Records from a collection:
********************

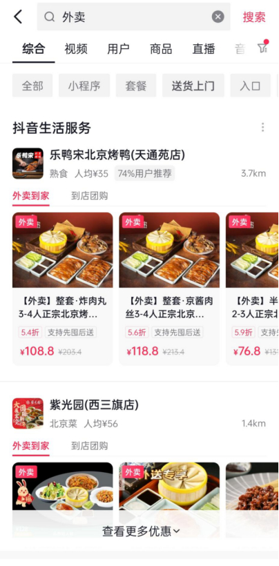 新浪财经在抖音上看到,如果搜索外卖,会出现抖音生活服务的相关推荐,在餐饮门店下有外卖到家和到店团购两个选项。
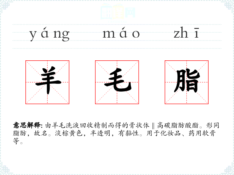 由羊毛洗液回收精制而得的膏状体‖高碳脂肪酸酯。形同脂肪,故名。淡棕黄色,半透明,有黏性。用于化妆品、药用软膏等。
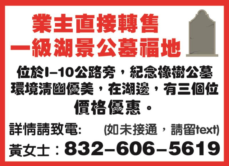 詳情請致電: 黃女士832-606-5619 (如未接通,請留text)
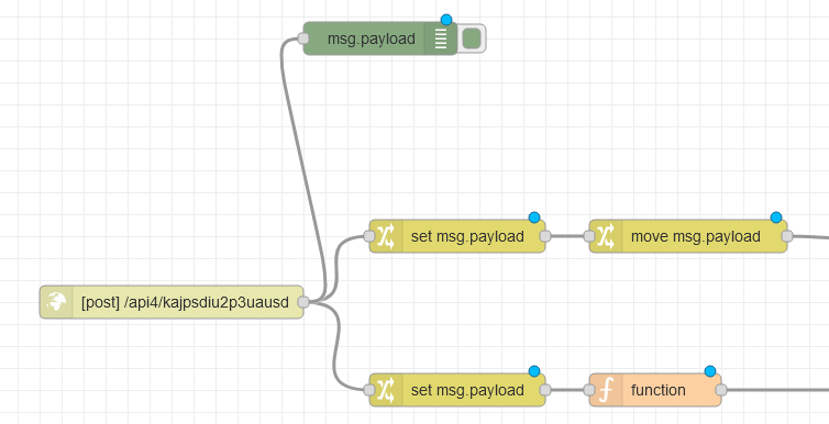 Let’s add two change nodes to our flow after the HTTP in node and connect them to the node we started with;
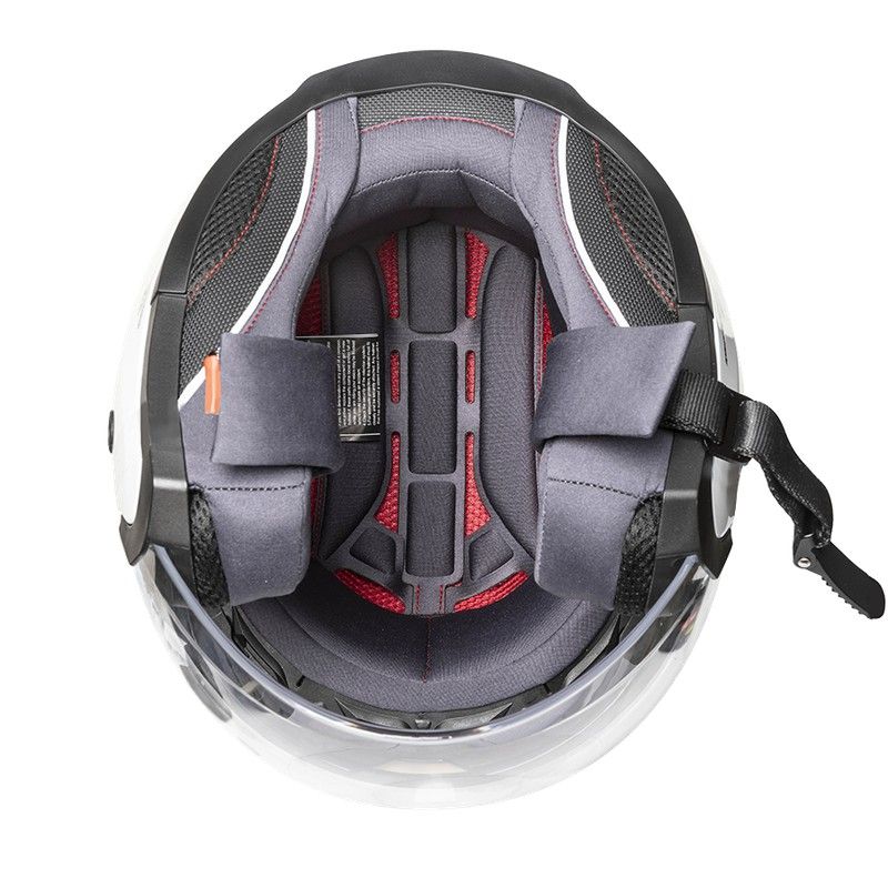 Casco homologado de acuerdo con las regulaciones europeas ECE / ONU 22.06. Sistema Easy-Fit Glasses para colocar las gafas y espacio específico en la calota interior para un intercomunicador Bluetooth. Sistema avanzado de canalización de la ventilación
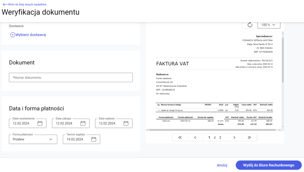 Wprowadzony dokument można wysłać do Biura Rachunkowego przyciskiem „Wyślij do Biura Rachunkowego”. Dokument po przesłaniu do Biura Rachunkowego będzie dostępny w trybie do odczytu. W każdej chwili będzie można także podejrzeć załącznik.
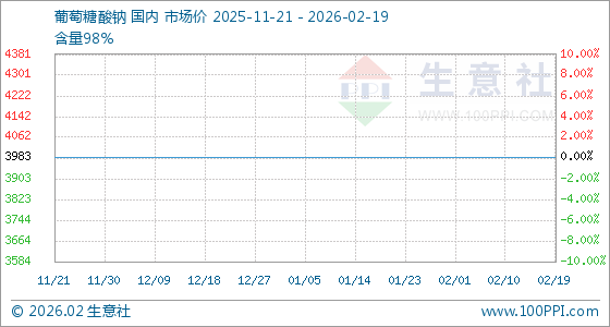 2月19日,生意社葡萄糖酸钠基准价为3983.33元/吨,与本月初持平。
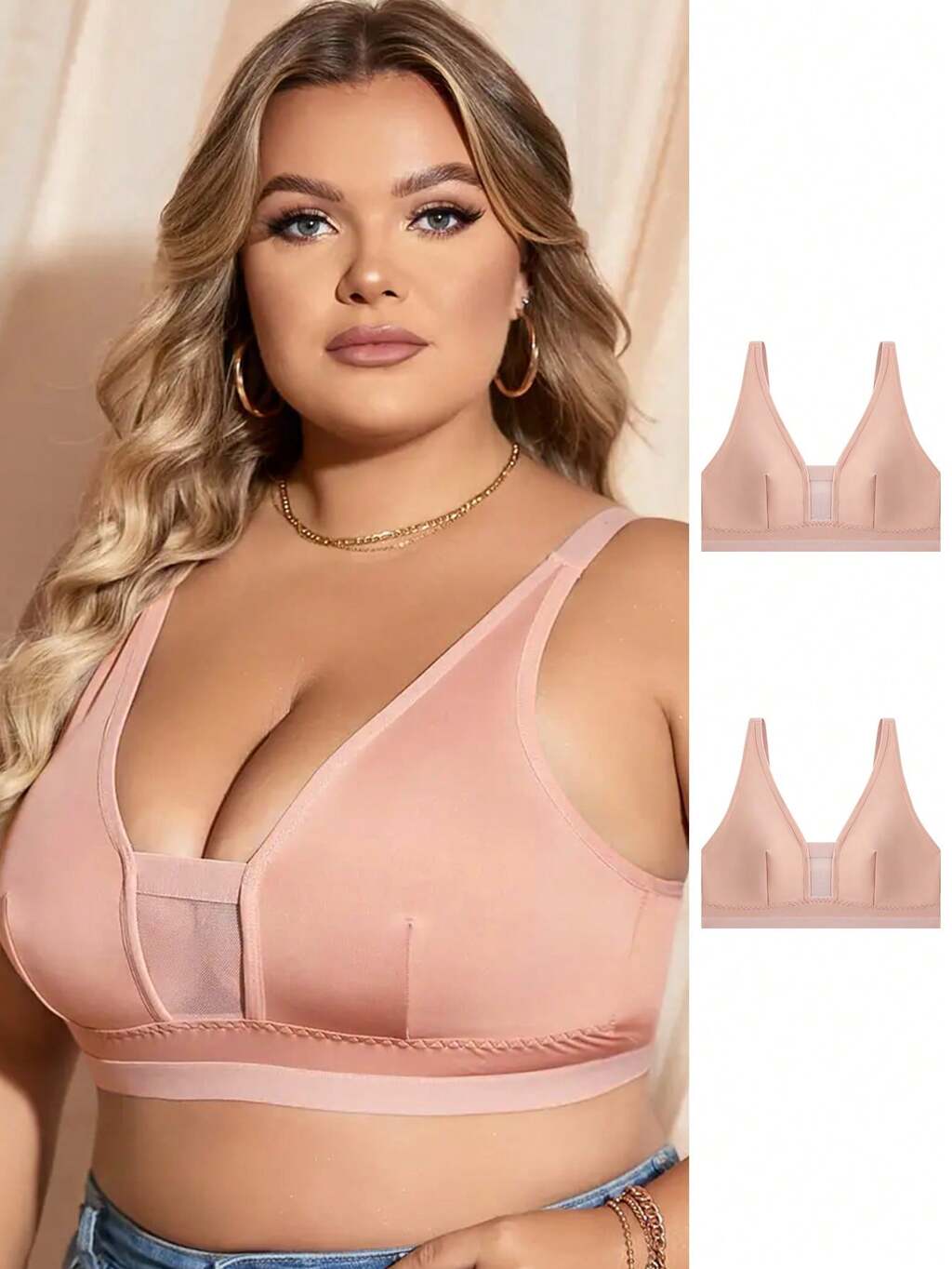 Plus Size Casual Apricot Mesh Insert Medium Stretch Bra
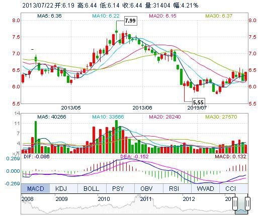 今開: 6.19 成交量: 3.14萬手 振幅: 4.85% 最高: 6.44 成交額: 1982.39萬元 換手率: 1.14% 最低: 6.14 總市值: 18.35億 市凈率: 2.92 昨收: 6.18 流通市值: ...
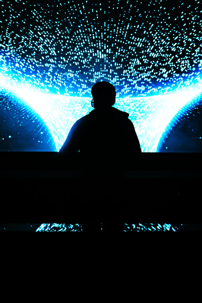 As the clock nears ten the words “Kaytranada, classic, timeless” echo and are met with thunderous cheers and a breathtaking display of pyrotechnics that reveal a silhouette of Kaytranada who is backlit by stunning visuals that show a blue mushroom cloud exploding into his name written in the stars.
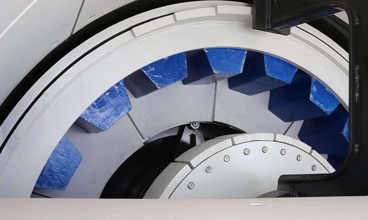 В конфигурации «камень о камень» (ROR) автогенное дробление происходит внутри камеры дробилки между материалом, отбрасываемым ротором, и материалом, находящимся на броневом кольце, или материалом, отбрасываемым броневым кольцом.
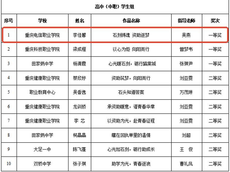 12月3日上午,大足区教育委员会主办的2025年“心光·砺行—‘石刻’助你成长”主题系列之“点燃希望 放飞梦想”演讲比赛在香国小学学术报告厅隆重举行,赛事分为教师组、小学生组、中学生组及高中(中职)生组四个组别,吸引全区102名优秀选手同台竞技。我院2024级李佳馨同学参赛期间,紧扣演讲主题,以细腻笔触诠释感恩之心,用质朴话语传递真挚情感,在激烈角逐中脱颖而出,最终荣获一等奖。
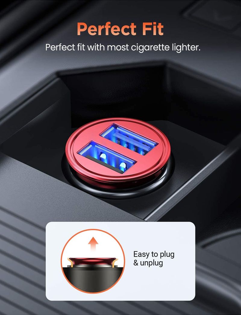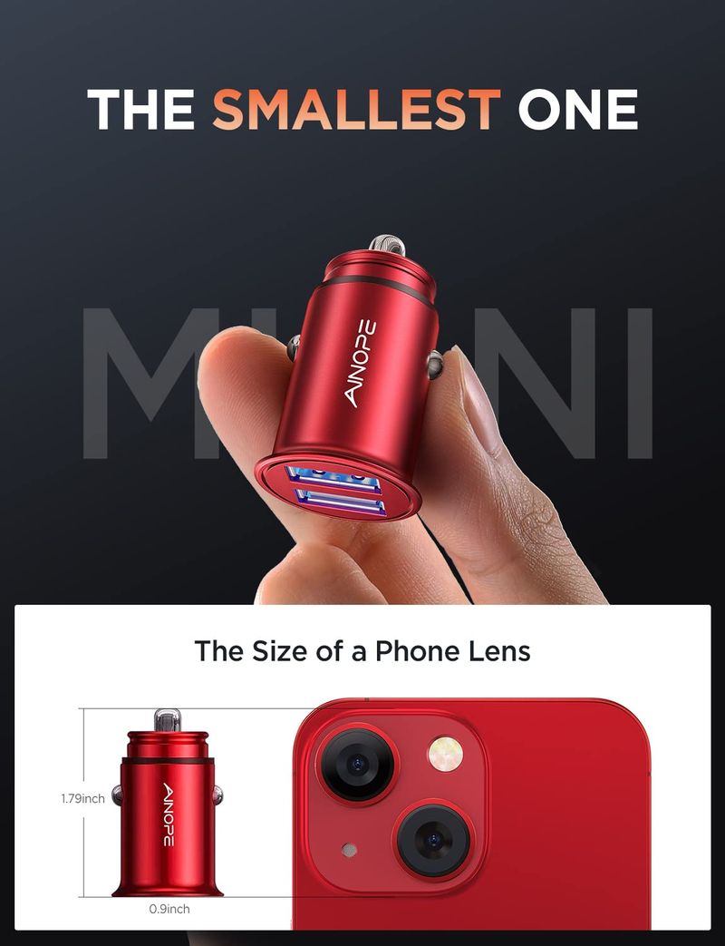 Tamaño compacto, ajuste al bordo: el cuerpo pequeño del tamaño del pulgar 1.7 pulgadas de largo x 0.9 pulgadas de ancho se adapta a la mayoría de los encendedores de cigarrillos de automóviles y apenas sobresale más allá del borde de la salida, proporcionando un aspecto menos desordenado. Es nuestro cargador de coche más pequeño hasta la fecha: ligero y altamente portátil, por lo que puedes llevarlo a todas partes.
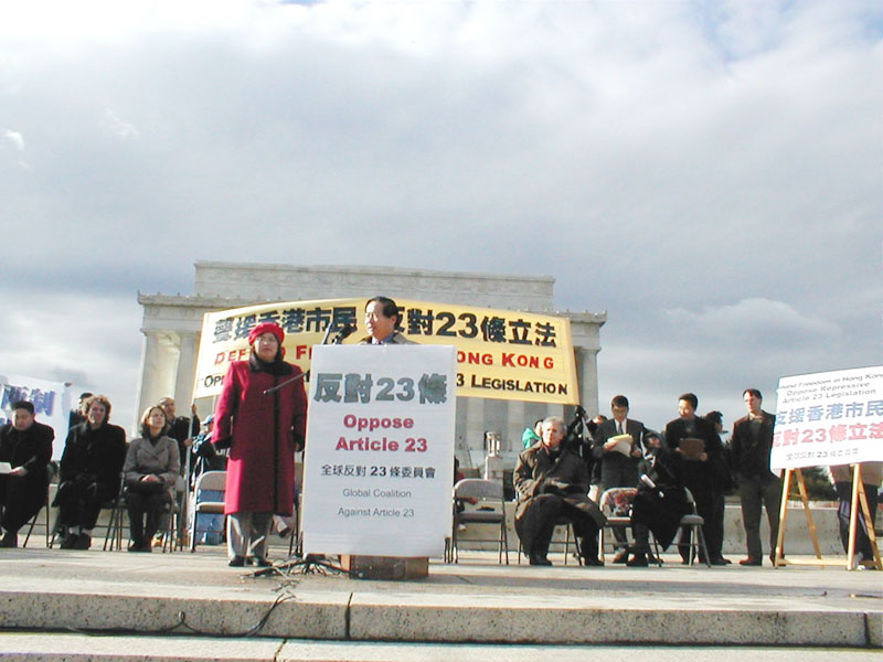 “全球反对23条立法联盟”发言人杰佛瑞.王在发言中指出:“香港特区行政首长不能由全民投票直选产生、香港立法局议席不能全部由民选产生、香港法院终审权又受中国人大常委会‘释法’凌驾,在这个不民主的政治环境下,政府缺乏有效监督,特区政府匆匆就基本法第23条立法将严重威胁到香港社会思想、信仰、新闻、言论、文化创作、资讯、学术研究、结社等各种自由,从根本上令香港社会‘一国两制’名存实亡。” “第二十三条立法的实质要害在于,中共极权者通过所谓法律手段将其侵害人权自由、打压法轮功及其它和平团体的暴政向香港延伸。如果香港政府与民众任其在立法问题上打开缺口,不单法轮功会受到打击,昔日以自由开放著称的‘东方之珠’香港会变的与专制下的中国大陆并无两样。”
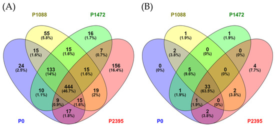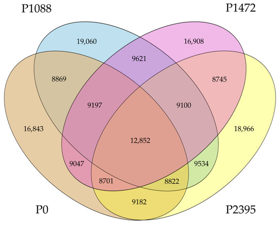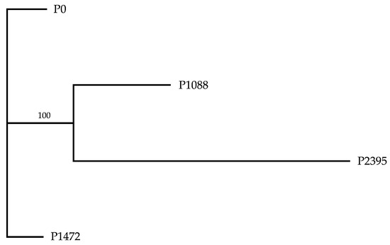 Genome sequencing generated 32,424,538 reads for P0, 26,793,550 for P1088, 32,183,896 for P1472, and 31,500,326 for P2395. The total number of bases (bp) were 4.90 Gb for P0, 4.0 for P1088, 4.86 for P1472, and 4.76 for P2395. After quality control, raw data filtering, and assembly, the four whole genomes exhibited a range of sizes from 98.1 to 101.8 Mb and were assembled into 24,410 to 29,513 scaffolds, with a N50 from 28.42 to 33.05 Mb, a GC content from 38.7 to 38.9%, and 11,859 to 12,225 predicted genes (Table 1).
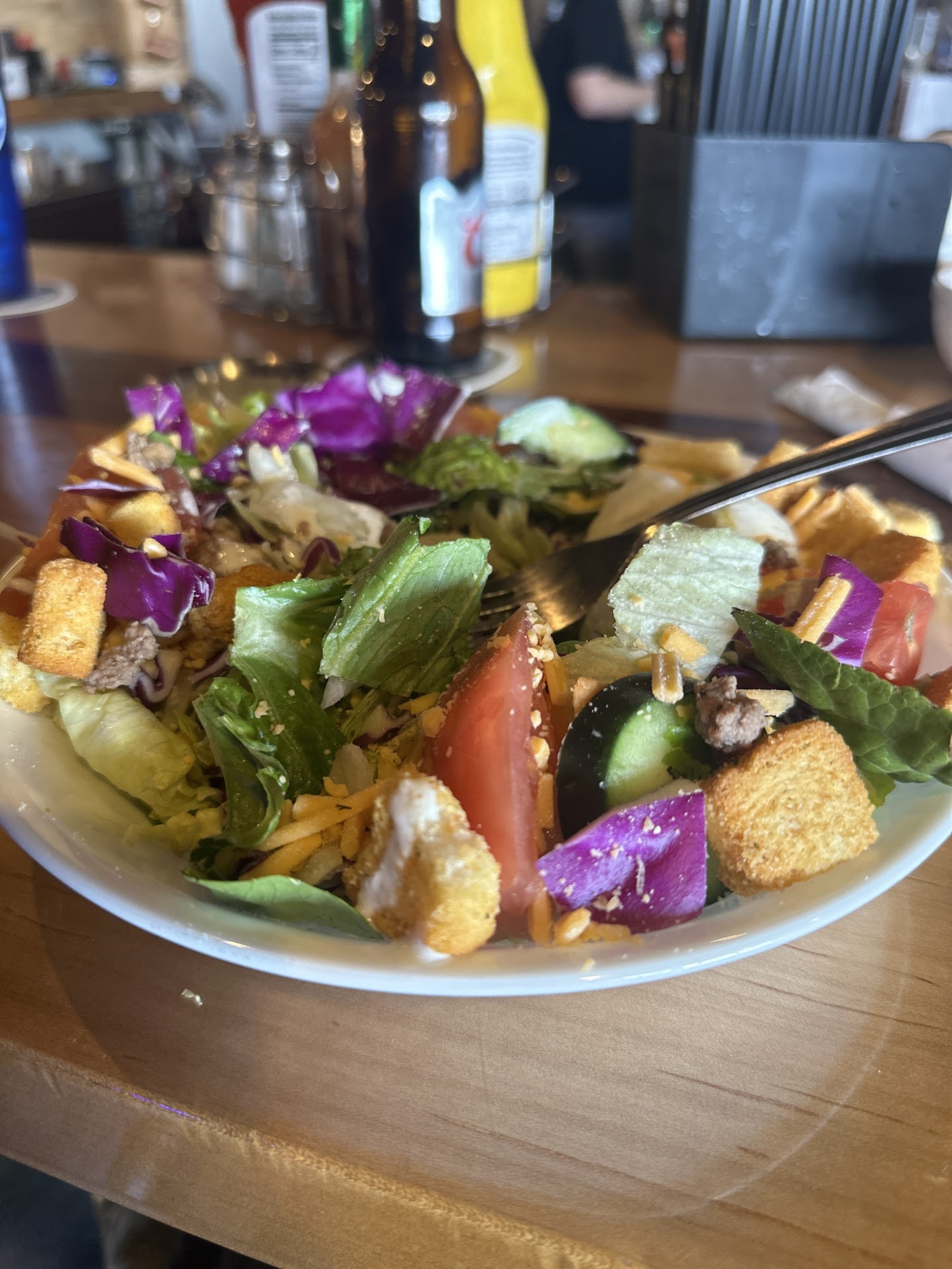 Read moreWas so excited to try the new restaurant part of this as the previous locations had subpar food and this was also the same. Came in for a beer, salad and hamburger during happy hour on a Friday. Beer is supposed to be $1 off and we never got that discount. The beer is also flat as ever (the Co2 has always had issues here and it’s no different).There’s absolutely no bubbles in it (coors light) I ordered an Elizabeth salad that is supposed to have beef tips on it. It came with no meat at all. When I asked if I had ordered the wrong thing she stated I hadn’t and would ask the kitchen for the meat. Instead of beef tips I received a cut up hamburger. Not the same thing as beef tips. Fries we received were so salty we couldn’t eat them. I’ve heard good reviews so pretty disappointed we saw no difference from prior bars here at same location.Would definitely give it another chance but don’t order...

********************

### EXERCISE DESCRIPTION
Print the entries as they stand, first line through the line holding "Let’s add two", with every picture removed.

### SOLUTION TO THIS EXERCISE
 新浪财经在抖音上看到,如果搜索外卖,会出现抖音生活服务的相关推荐,在餐饮门店下有外卖到家和到店团购两个选项。
 由羊毛洗液回收精制而得的膏状体‖高碳脂肪酸酯。形同脂肪,故名。淡棕黄色,半透明,有黏性。用于化妆品、药用软膏等。
 詳情請致電: 黃女士832-606-5619 (如未接通,請留text)
 Let’s add two change nodes to our flow after the HTTP in node and connect them to the node we started with;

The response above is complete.